=== HOW TO COMPLETE THIS TASK ===
From the line that contains "We have added" down to the last line of the entries, repeat every line exactly. Do not carry over the pictures.

+-------+

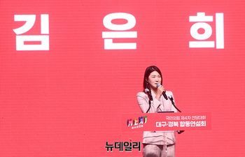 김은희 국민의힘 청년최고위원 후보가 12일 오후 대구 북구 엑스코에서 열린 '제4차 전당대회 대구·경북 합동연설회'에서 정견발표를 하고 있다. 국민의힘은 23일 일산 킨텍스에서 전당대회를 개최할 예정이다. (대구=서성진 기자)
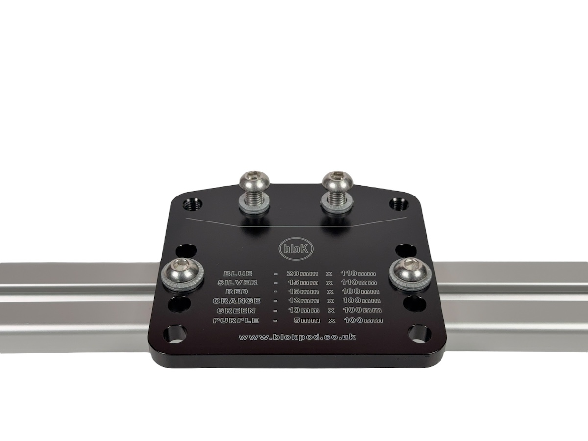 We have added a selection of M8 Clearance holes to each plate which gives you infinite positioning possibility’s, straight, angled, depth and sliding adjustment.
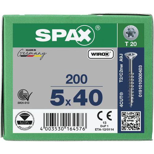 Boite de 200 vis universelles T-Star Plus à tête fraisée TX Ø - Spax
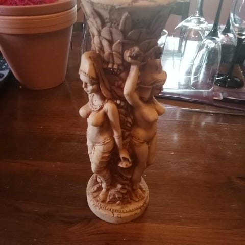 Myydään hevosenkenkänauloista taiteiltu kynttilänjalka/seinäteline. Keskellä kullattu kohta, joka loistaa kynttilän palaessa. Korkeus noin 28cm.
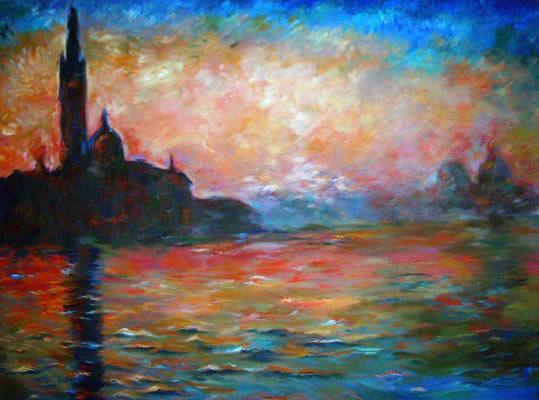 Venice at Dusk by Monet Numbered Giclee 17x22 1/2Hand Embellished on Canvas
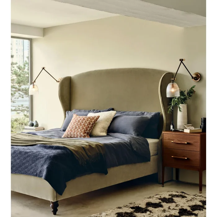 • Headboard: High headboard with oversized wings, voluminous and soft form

+-------+

=== REPLY TO THE TASK ===
 We have added a selection of M8 Clearance holes to each plate which gives you infinite positioning possibility’s, straight, angled, depth and sliding adjustment.
 Boite de 200 vis universelles T-Star Plus à tête fraisée TX Ø - Spax
 Myydään hevosenkenkänauloista taiteiltu kynttilänjalka/seinäteline. Keskellä kullattu kohta, joka loistaa kynttilän palaessa. Korkeus noin 28cm.
 Venice at Dusk by Monet Numbered Giclee 17x22 1/2Hand Embellished on Canvas
 • Headboard: High headboard with oversized wings, voluminous and soft form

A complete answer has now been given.